● **Task directions**: Once you find the line with "- しかし、特定のステップで" in the data below, transcribe exactly each line from there to the line with "Ao entrar no", inclusive, and nothing else. Drop the pictures.

*** Opening of Stored data ***

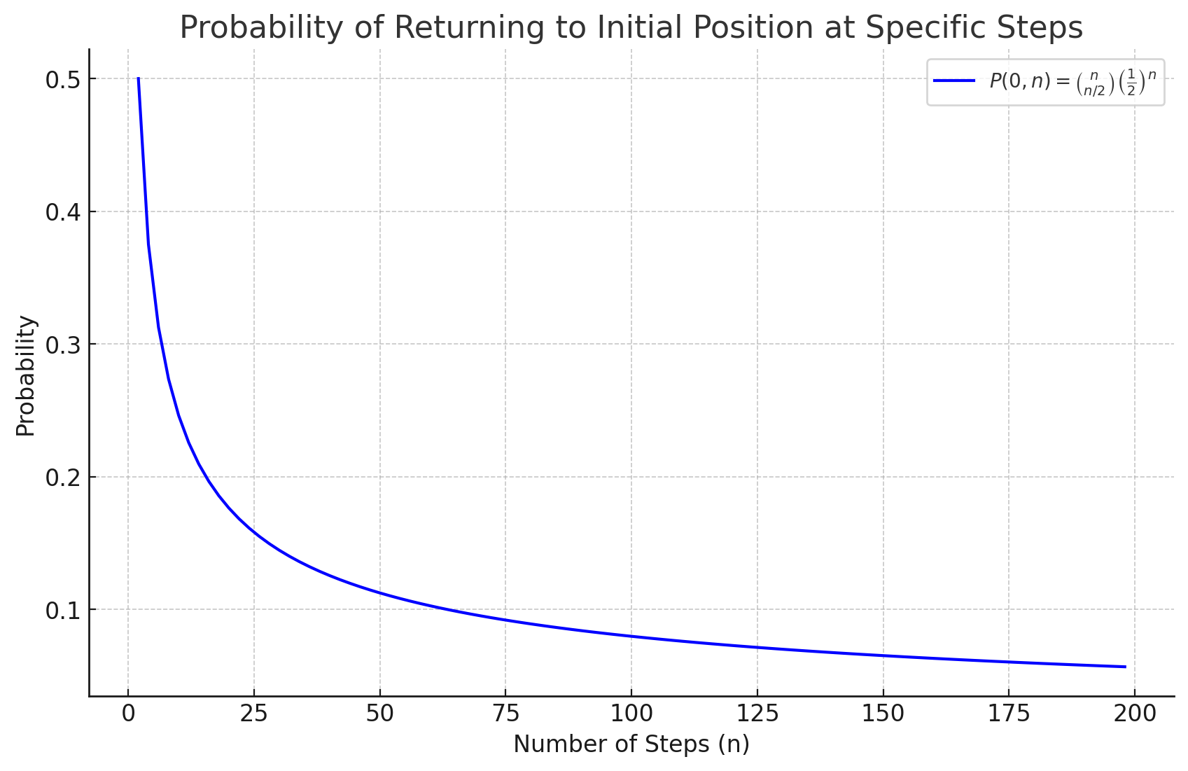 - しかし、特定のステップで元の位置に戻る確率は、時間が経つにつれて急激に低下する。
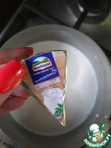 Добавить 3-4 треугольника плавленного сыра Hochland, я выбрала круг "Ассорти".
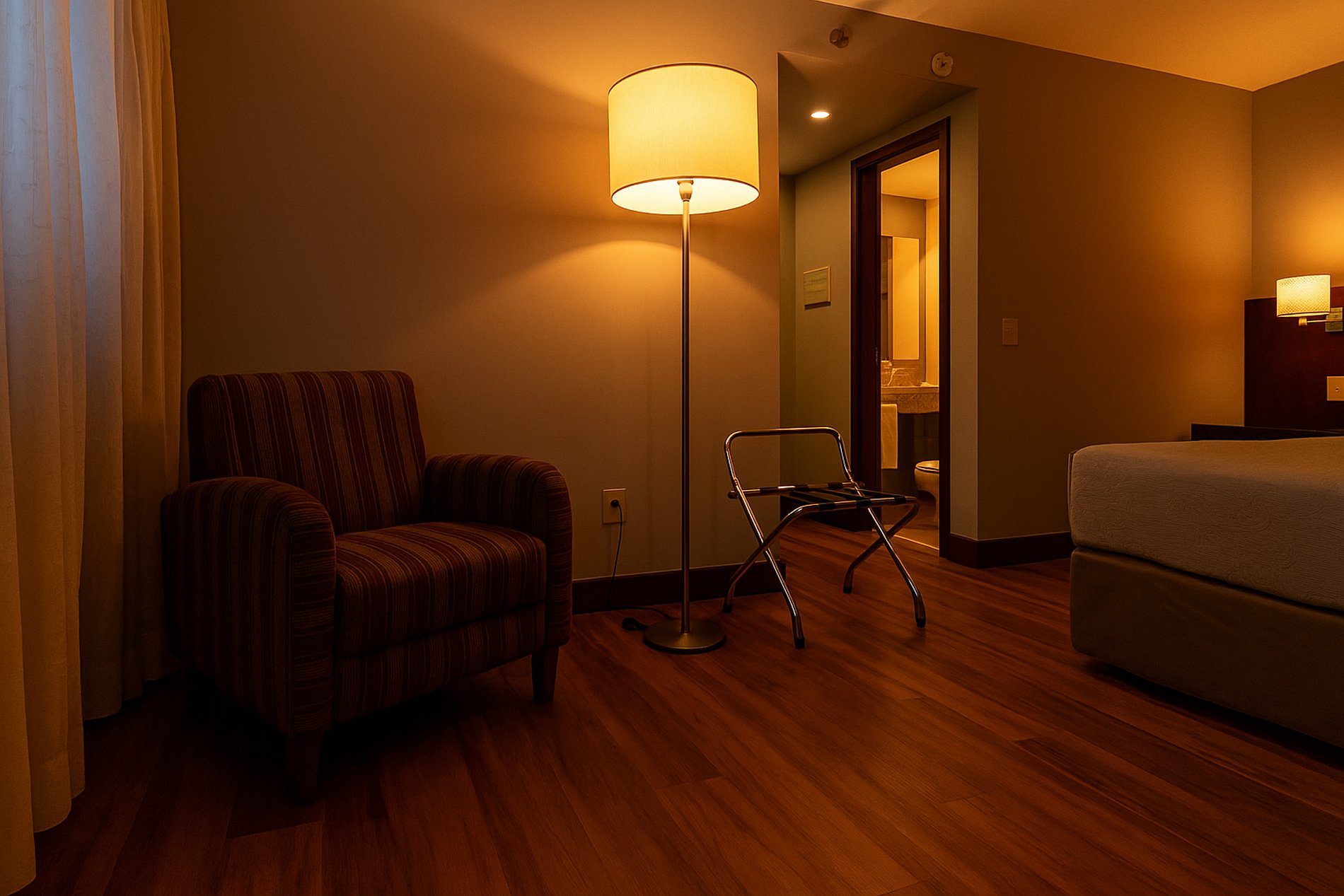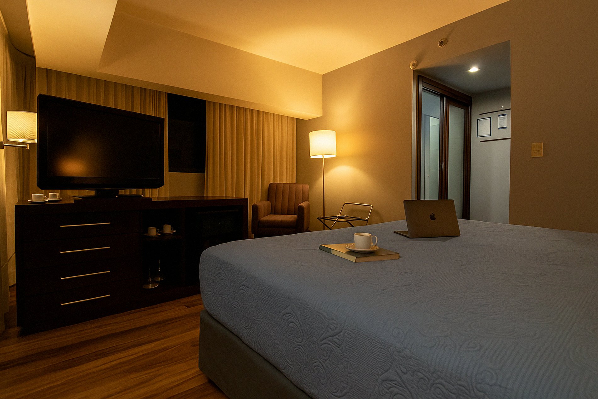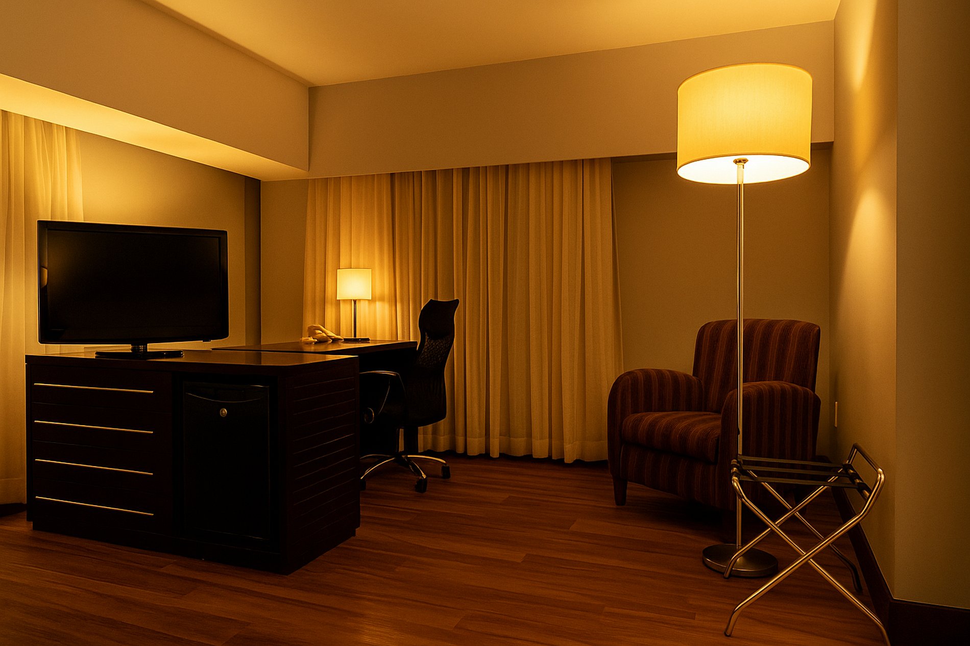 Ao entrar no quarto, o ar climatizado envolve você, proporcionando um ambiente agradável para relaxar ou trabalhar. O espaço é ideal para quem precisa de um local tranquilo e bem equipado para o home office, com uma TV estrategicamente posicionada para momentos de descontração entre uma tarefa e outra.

*** Close of Stored data ***
*** Opening of Stored data ***

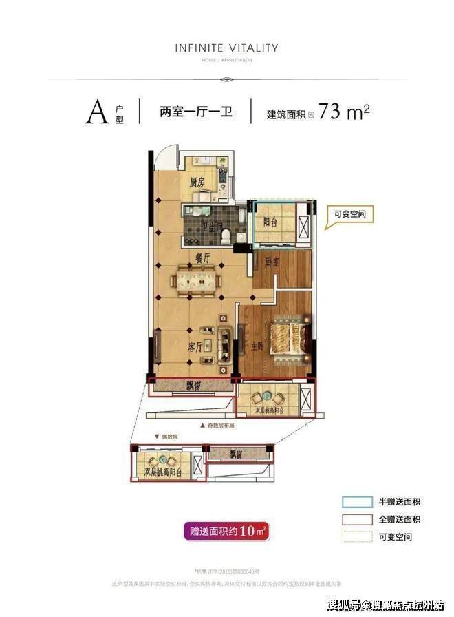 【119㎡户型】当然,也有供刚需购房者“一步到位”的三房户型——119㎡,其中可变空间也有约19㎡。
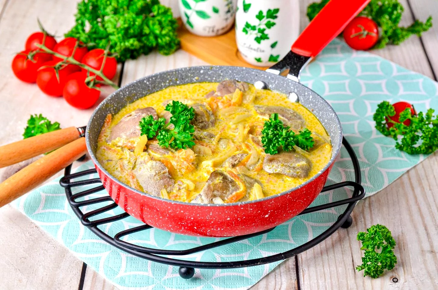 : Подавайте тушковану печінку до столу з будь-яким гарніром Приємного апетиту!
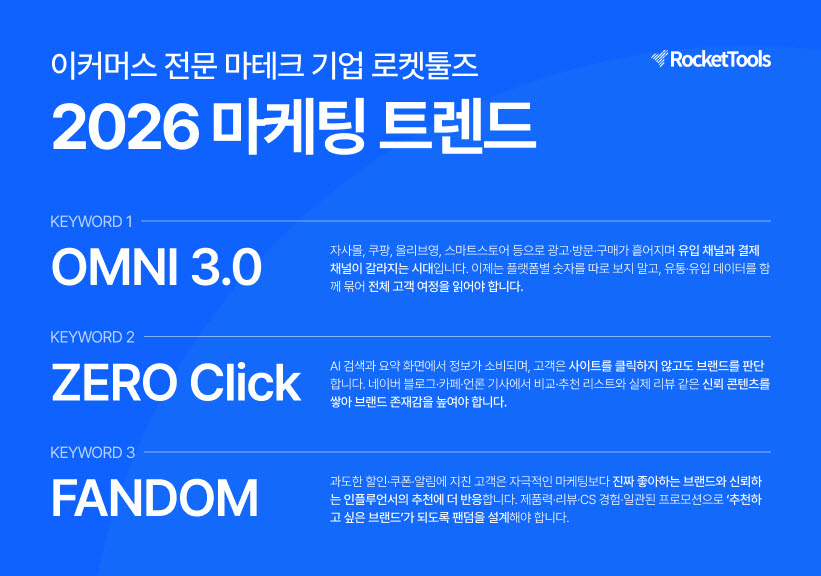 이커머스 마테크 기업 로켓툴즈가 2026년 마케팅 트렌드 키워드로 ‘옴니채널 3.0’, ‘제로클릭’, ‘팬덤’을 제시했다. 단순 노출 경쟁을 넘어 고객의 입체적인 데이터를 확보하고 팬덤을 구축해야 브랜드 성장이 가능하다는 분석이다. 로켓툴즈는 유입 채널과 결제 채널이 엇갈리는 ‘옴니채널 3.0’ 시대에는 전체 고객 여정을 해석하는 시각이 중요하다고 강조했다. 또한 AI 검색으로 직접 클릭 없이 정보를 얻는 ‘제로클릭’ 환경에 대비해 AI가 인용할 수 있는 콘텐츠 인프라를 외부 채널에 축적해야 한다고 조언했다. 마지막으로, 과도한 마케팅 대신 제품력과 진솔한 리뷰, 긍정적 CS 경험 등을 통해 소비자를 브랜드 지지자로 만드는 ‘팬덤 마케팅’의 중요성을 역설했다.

*** Close of Stored data ***
*** Opening of Stored data ***

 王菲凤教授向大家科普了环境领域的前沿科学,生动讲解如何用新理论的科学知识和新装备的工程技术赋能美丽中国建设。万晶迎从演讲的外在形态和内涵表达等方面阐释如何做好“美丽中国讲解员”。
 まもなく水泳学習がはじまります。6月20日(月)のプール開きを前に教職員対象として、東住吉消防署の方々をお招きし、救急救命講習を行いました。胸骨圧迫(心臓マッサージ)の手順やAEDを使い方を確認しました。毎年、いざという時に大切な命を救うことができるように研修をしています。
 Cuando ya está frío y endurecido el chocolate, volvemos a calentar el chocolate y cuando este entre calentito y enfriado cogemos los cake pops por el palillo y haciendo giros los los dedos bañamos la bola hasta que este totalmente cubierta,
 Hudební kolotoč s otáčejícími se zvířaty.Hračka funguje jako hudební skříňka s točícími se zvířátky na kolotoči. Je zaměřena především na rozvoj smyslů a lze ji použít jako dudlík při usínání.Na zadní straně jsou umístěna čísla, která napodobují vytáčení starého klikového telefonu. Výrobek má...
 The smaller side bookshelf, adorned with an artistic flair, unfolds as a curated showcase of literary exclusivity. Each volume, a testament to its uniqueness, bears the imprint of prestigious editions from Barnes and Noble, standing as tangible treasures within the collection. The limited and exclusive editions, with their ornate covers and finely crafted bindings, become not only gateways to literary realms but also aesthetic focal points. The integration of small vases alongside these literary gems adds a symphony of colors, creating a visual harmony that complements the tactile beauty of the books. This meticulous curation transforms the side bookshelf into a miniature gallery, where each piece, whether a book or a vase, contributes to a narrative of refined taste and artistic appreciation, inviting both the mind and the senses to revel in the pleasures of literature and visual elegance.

*** Close of Stored data ***

● **Result**:
 - しかし、特定のステップで元の位置に戻る確率は、時間が経つにつれて急激に低下する。
 Добавить 3-4 треугольника плавленного сыра Hochland, я выбрала круг "Ассорти".
 Ao entrar no quarto, o ar climatizado envolve você, proporcionando um ambiente agradável para relaxar ou trabalhar. O espaço é ideal para quem precisa de um local tranquilo e bem equipado para o home office, com uma TV estrategicamente posicionada para momentos de descontração entre uma tarefa e outra.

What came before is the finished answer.